» **Your goal**: The answer must be an exact copy of the lines from the one containing "In the last" through the end of the records, with the pictures left out.

» **Exercise materials**:
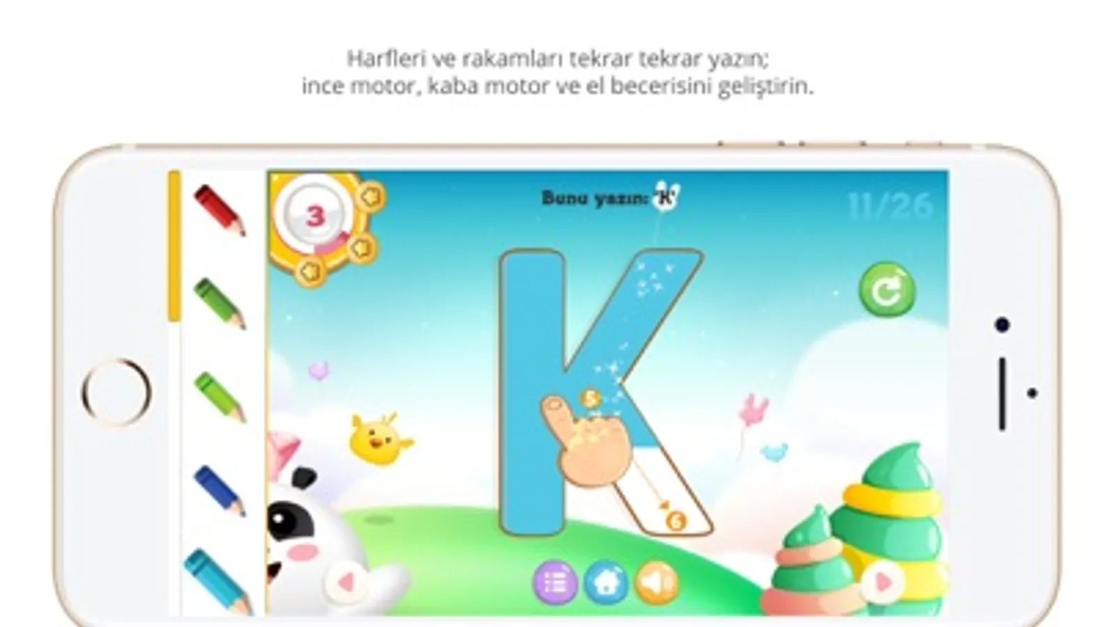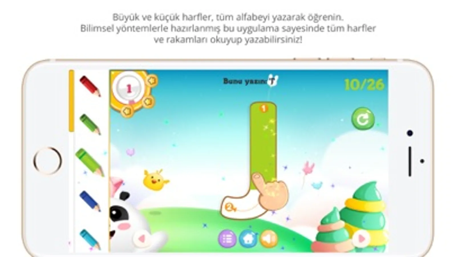 Büyük ve küçük harfler, tüm alfabeyi çocuğunuza yazdırarak öğretin. Bilimsel yöntemlerle hazırlanmış bu uygulama sayesinde çocuğunuz henüz okul çağı gelmeden harfleri okuyup yazabilir!
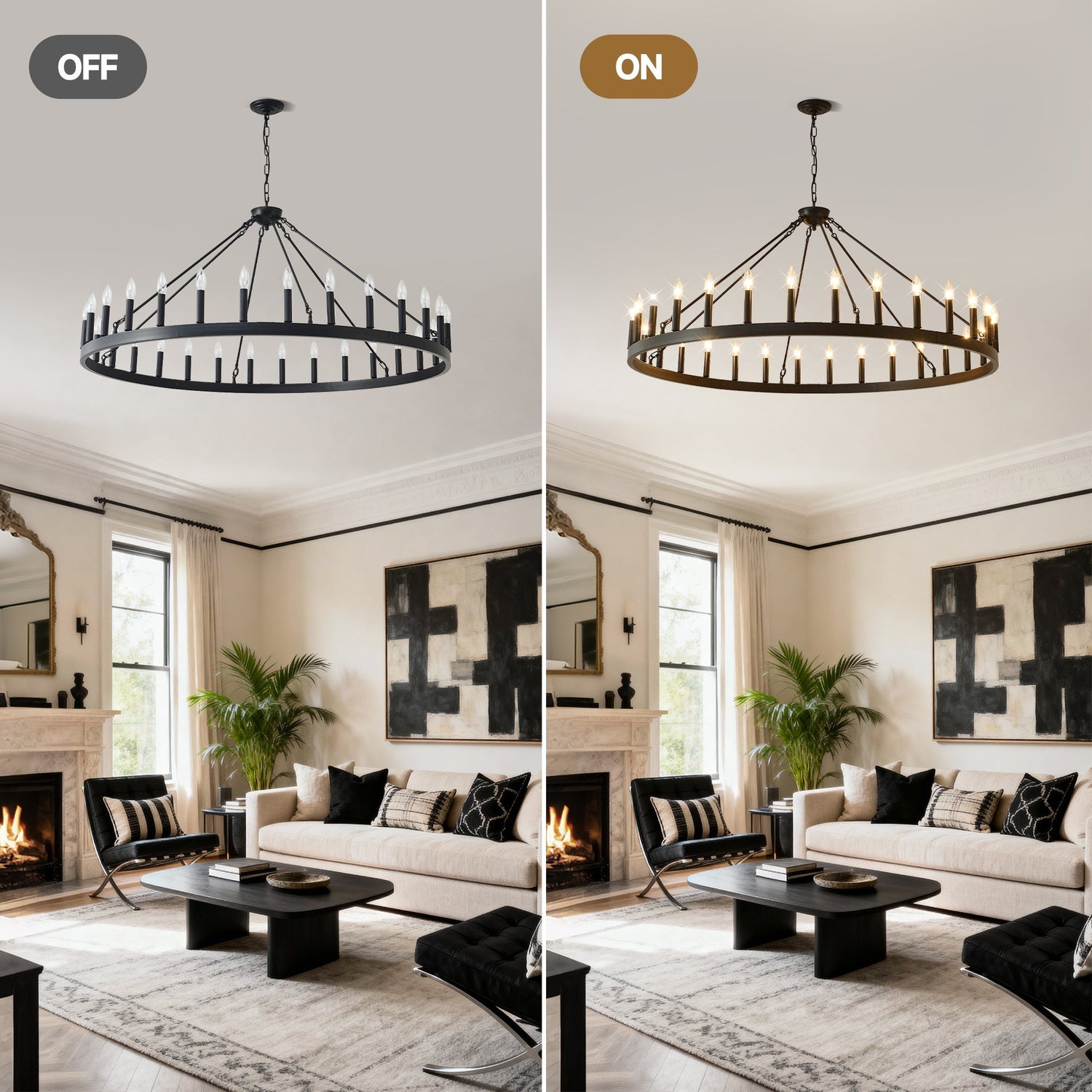 This 53.15 inch matte black wagon wheel chandelier is a ceiling light fixture designed for living rooms, dining rooms, kitchens, and bar areas. It blends vintage industrial style with modern farmhouse aesthetics to offer functional lighting and timeless decor appeal.
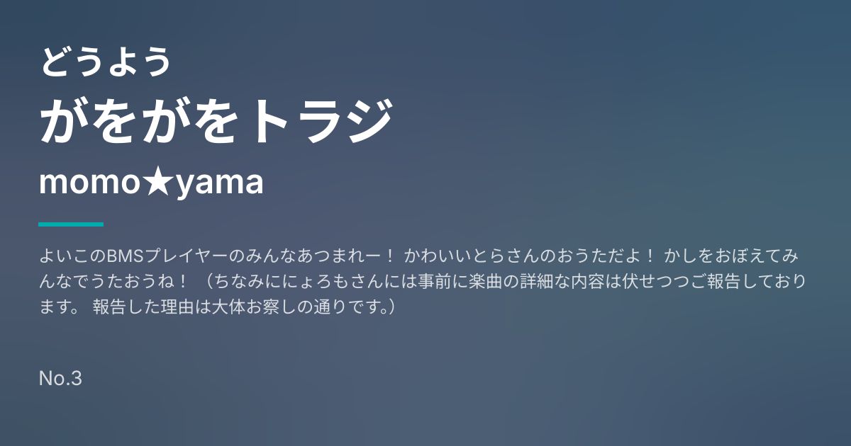 よいこのBMSプレイヤーのみんなあつまれー! かわいいとらさんのおうただよ! かしをおぼえてみんなでうたおうね! (ちなみににょろもさんには事前に楽曲の詳細な内容は伏せつつご報告しております。 報告した理由は大体お察しの通りです。)
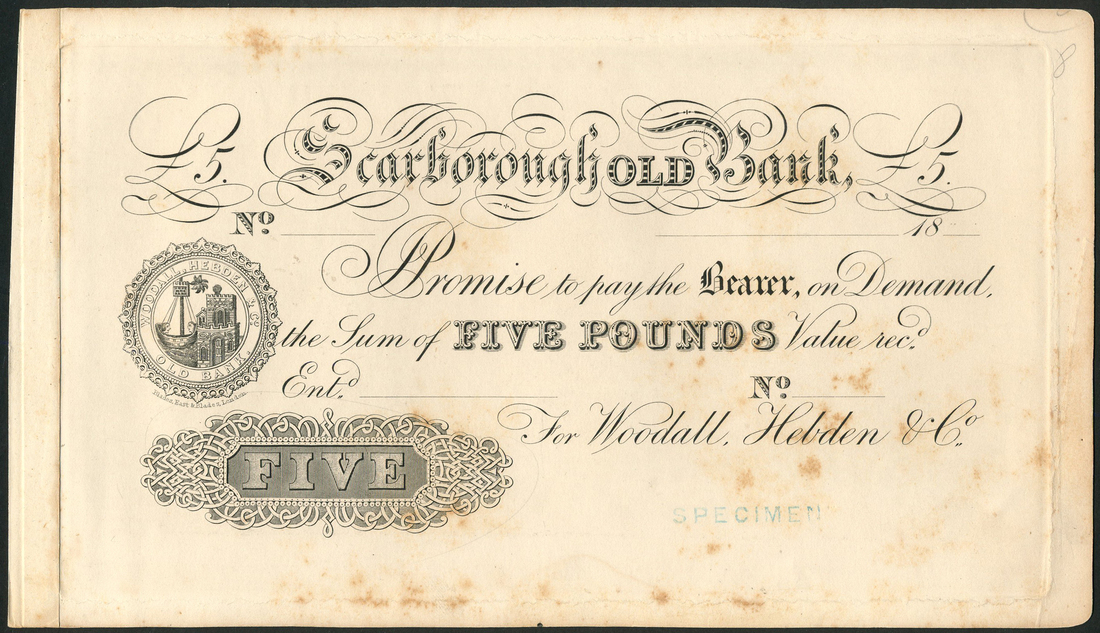 Scarborough Bank (Woodall, Hebden & Co.), proof £5 on card, 18- (1887-1896), black and white, arms at left
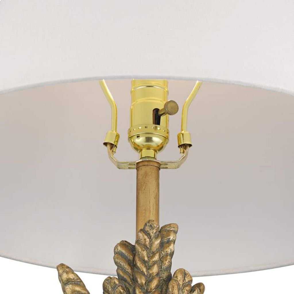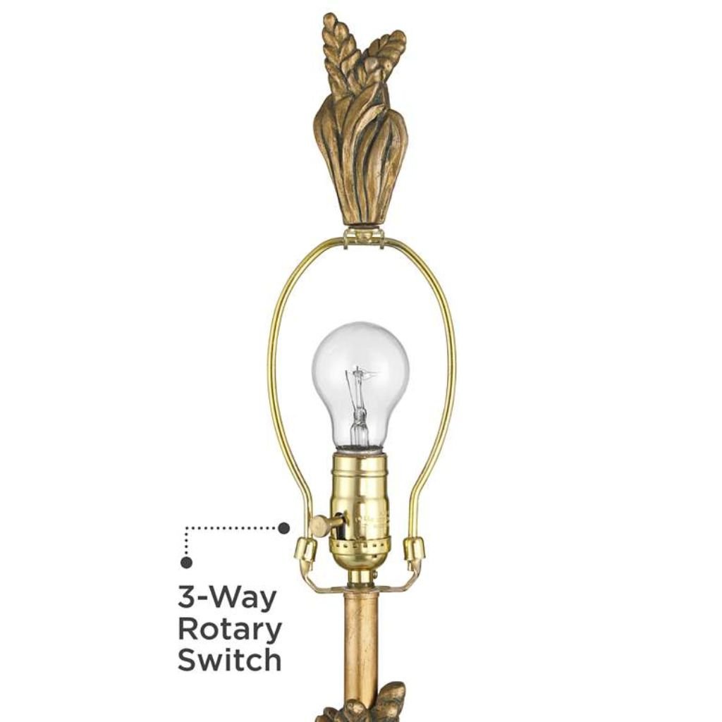 The faux gold leaf finish brings warmth and a softly aged look, while the feather-arrow detailing adds texture and artistic interest. The crisp white empire shade balances the ornate base and diffuses light for a soft, inviting glow.
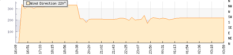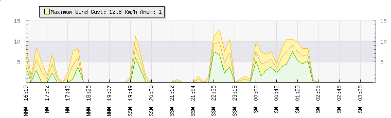 In the last few minutes the wind was South Westerly at an average speed of 0 kmh, reaching up to 0 kmh and a low of 0 kmh. The gust strength is0 kmh above the minimum speed |
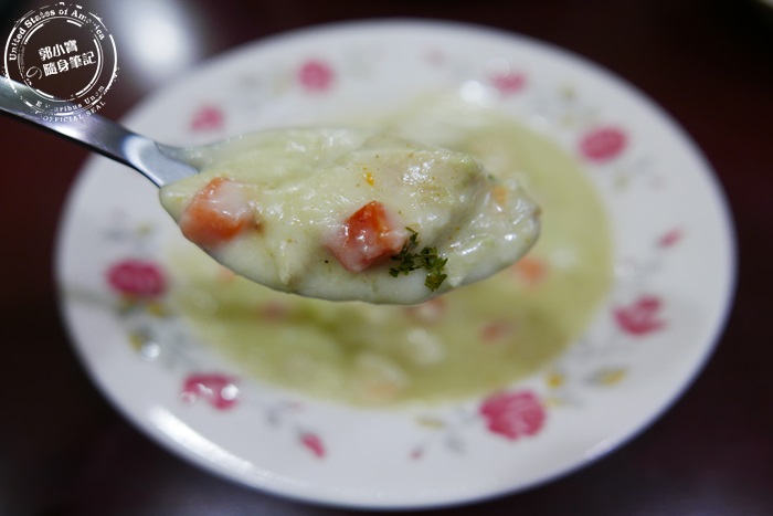 | 這道黃咖哩算是蠻濃稠的,但是又不像勾芡勾太重的那種感覺,吃在嘴裡的香氣很重,除了有很多層次的那種香料味之外,濃濃的椰香也是一大特色,吃起來很奶很香濃,胡蘿蔔跟馬鈴薯雖然是丁狀,樣貌非常完整,但是在嘴裡軟綿綿的跟什麼似的,連雞肉也是,根本不用花太多力氣去咀嚼,而且不會很重口味,算是比較清爽的,也算是很基本的入門款,這個就單吃或是配飯配烤餅都可以。 |

» **Problem solution**:
 In the last few minutes the wind was South Westerly at an average speed of 0 kmh, reaching up to 0 kmh and a low of 0 kmh. The gust strength is0 kmh above the minimum speed |
 | 這道黃咖哩算是蠻濃稠的,但是又不像勾芡勾太重的那種感覺,吃在嘴裡的香氣很重,除了有很多層次的那種香料味之外,濃濃的椰香也是一大特色,吃起來很奶很香濃,胡蘿蔔跟馬鈴薯雖然是丁狀,樣貌非常完整,但是在嘴裡軟綿綿的跟什麼似的,連雞肉也是,根本不用花太多力氣去咀嚼,而且不會很重口味,算是比較清爽的,也算是很基本的入門款,這個就單吃或是配飯配烤餅都可以。 |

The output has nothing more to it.